### TASK STATEMENT
Please transcribe the data below in full, word for word, without the images.

======== EXTRACTED DATA

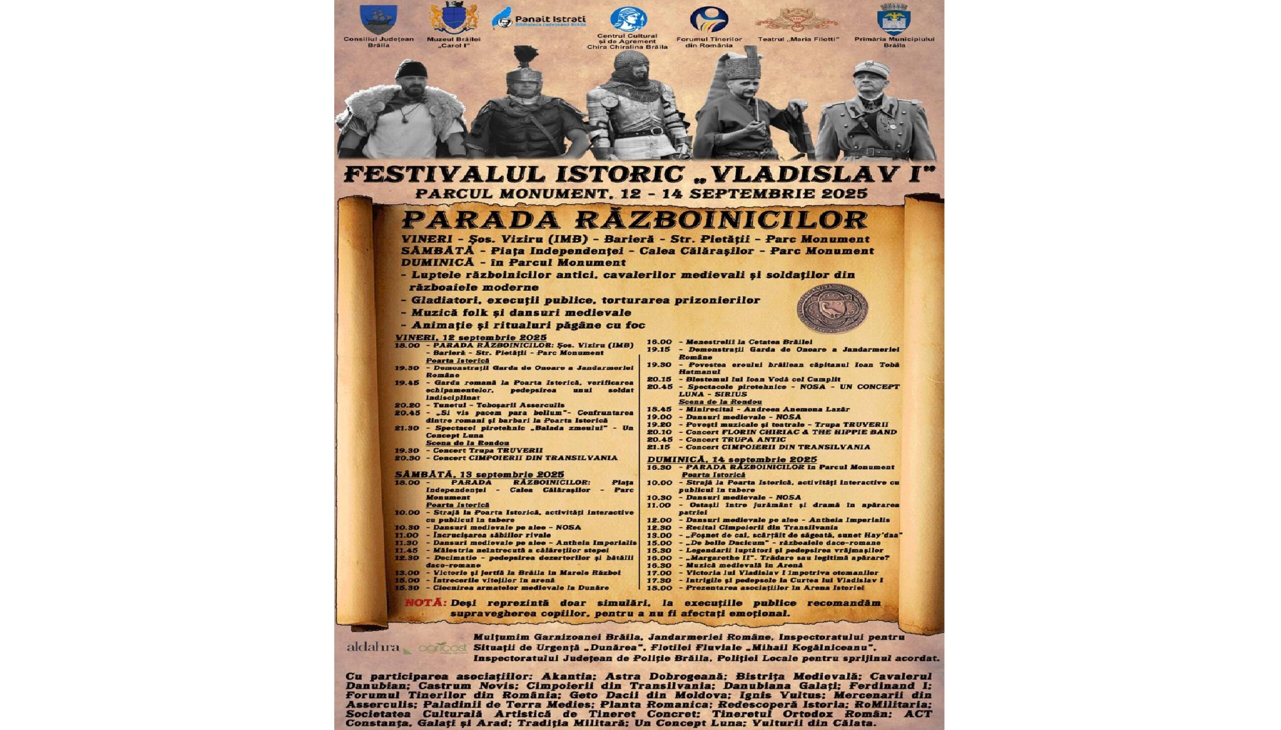 În perioada 12-14 septembrie, Festivalul Istoric ‘Vladislav I’, ajuns la a 5-a ediție, eveniment care se va desfășura în Parcul Monument din municipiul Brăila, va include parade, reconstituiri și spectacole menite să aducă la viață epoci istorice diferite, de la războaiele antice până la luptele moderne.
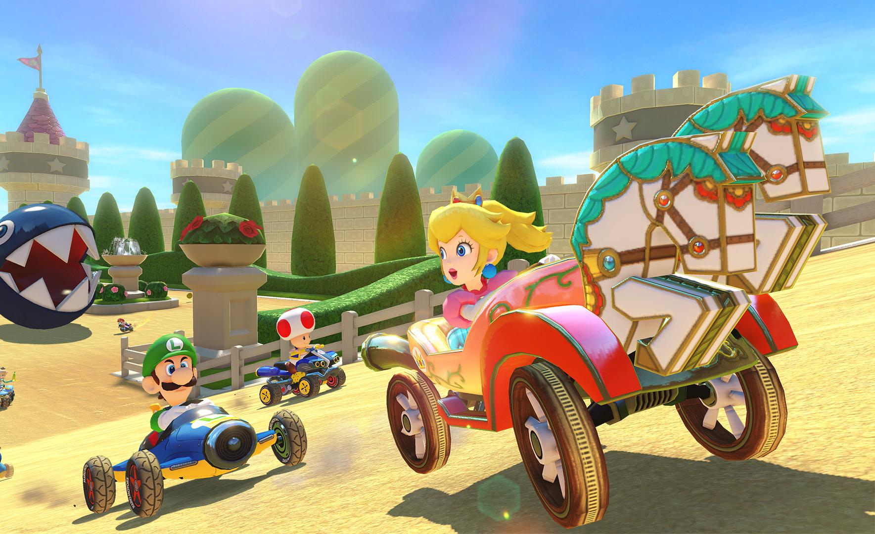DLC, including the grass shortcuts, Chain Chomps, giant Piranha Plant and Monty Moles. However, Nintendo made a monumental change to the new Peach Gardens by forcing players to drive through the track backward on the third lap. The track’s alteration has been received positively by most fans. The calm music sets a nice tone for the track, and the bright visuals are a pleasant sight. Peach Gardens is certainly a welcome addition to wave three of the DLC.
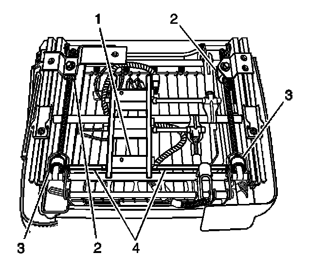 6. Tip the seat rearward to expose the horizontal drive cables (4).
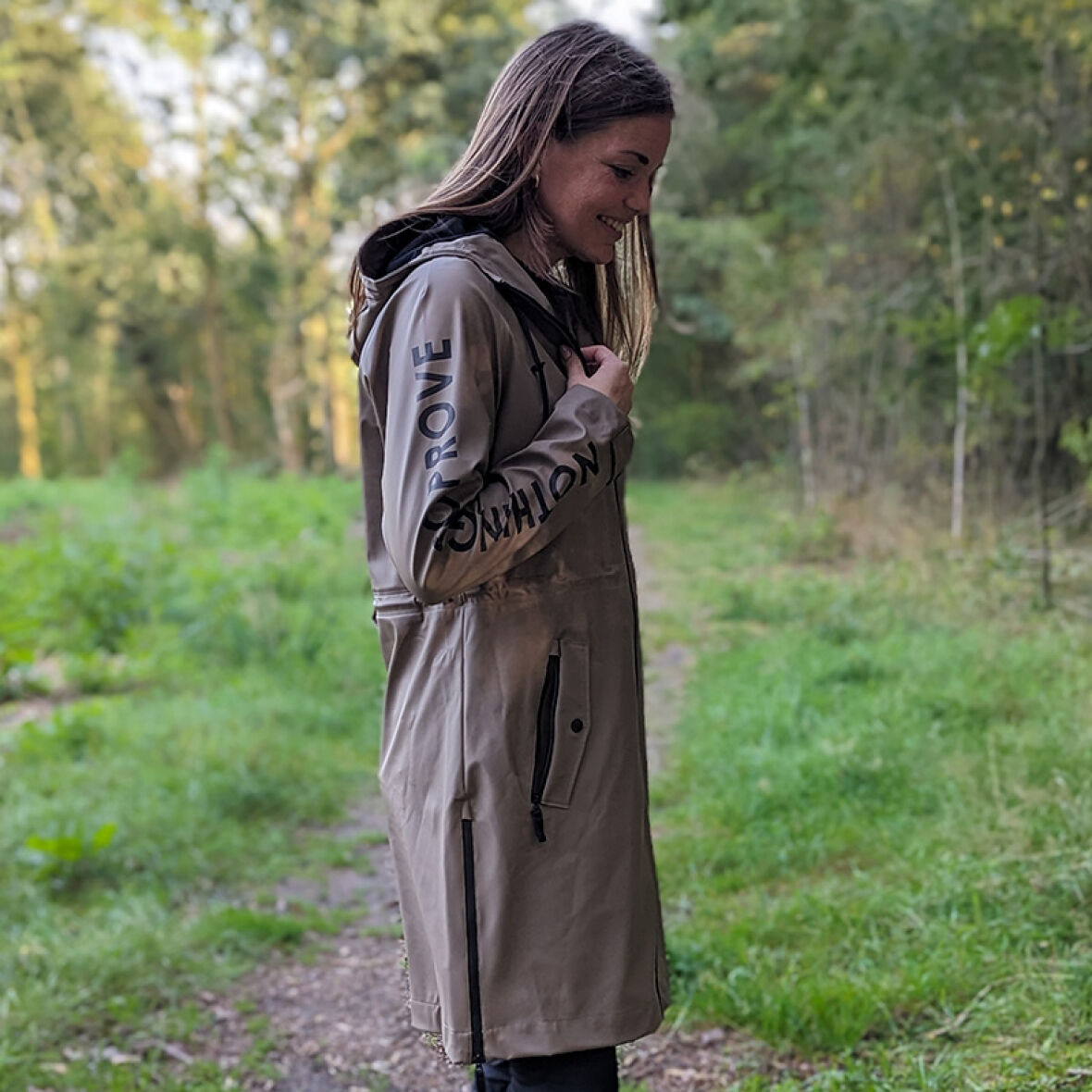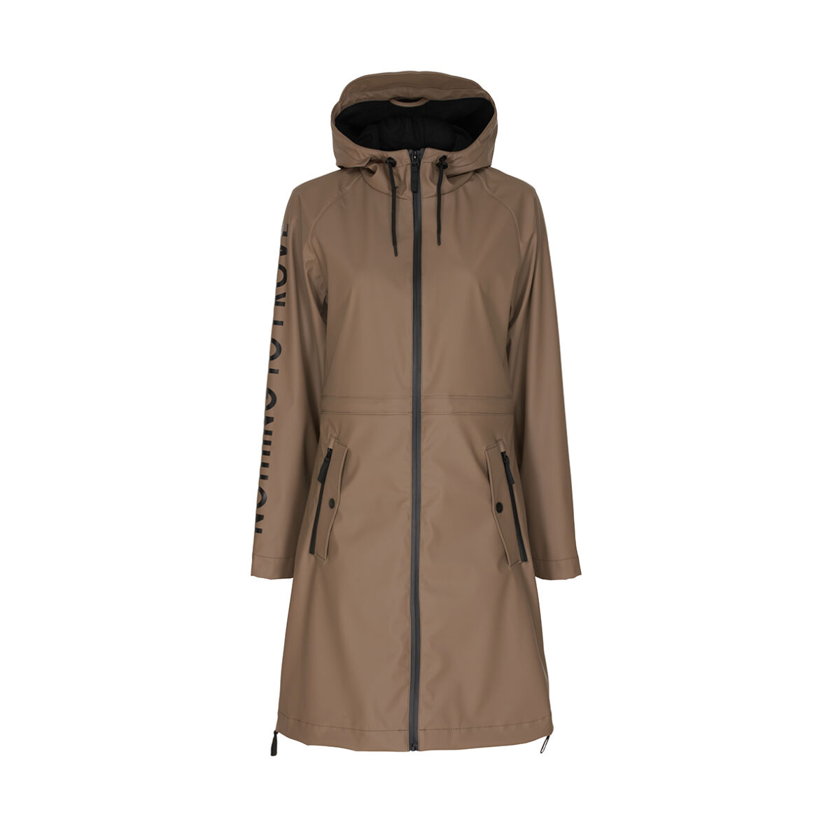Regnfrakken har snøre i livet og i hætten, og stiklommer i siderne.
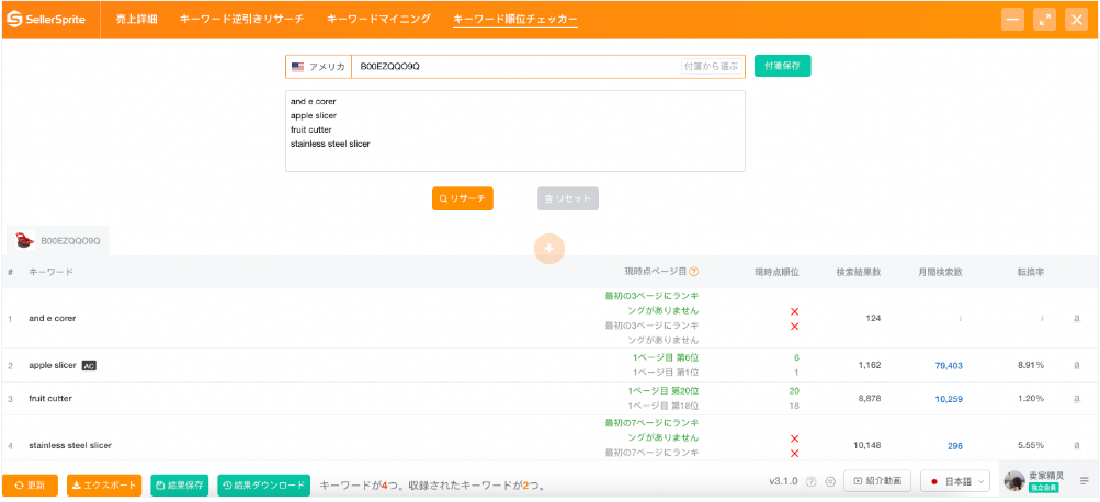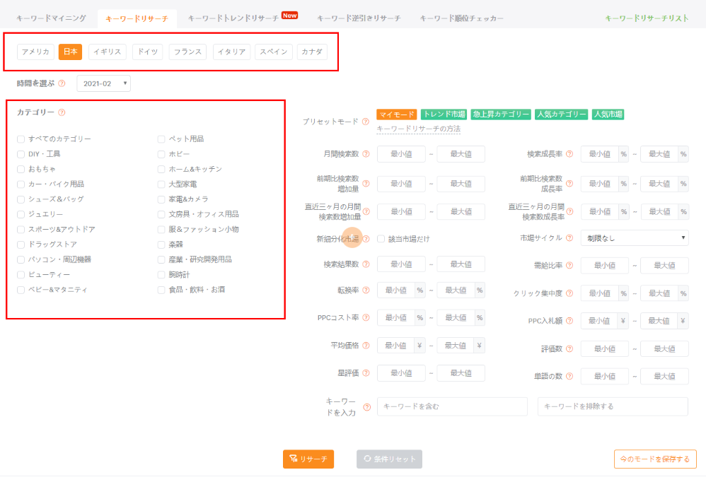 セラースプライトでは、特定の地域や言語に関連するキーワードリサーチを行うことができます。必要に応じて、地域や言語の設定を行います。

================

### EXERCISE ANSWER
 În perioada 12-14 septembrie, Festivalul Istoric ‘Vladislav I’, ajuns la a 5-a ediție, eveniment care se va desfășura în Parcul Monument din municipiul Brăila, va include parade, reconstituiri și spectacole menite să aducă la viață epoci istorice diferite, de la războaiele antice până la luptele moderne.
DLC, including the grass shortcuts, Chain Chomps, giant Piranha Plant and Monty Moles. However, Nintendo made a monumental change to the new Peach Gardens by forcing players to drive through the track backward on the third lap. The track’s alteration has been received positively by most fans. The calm music sets a nice tone for the track, and the bright visuals are a pleasant sight. Peach Gardens is certainly a welcome addition to wave three of the DLC.
 6. Tip the seat rearward to expose the horizontal drive cables (4).
Regnfrakken har snøre i livet og i hætten, og stiklommer i siderne.
 セラースプライトでは、特定の地域や言語に関連するキーワードリサーチを行うことができます。必要に応じて、地域や言語の設定を行います。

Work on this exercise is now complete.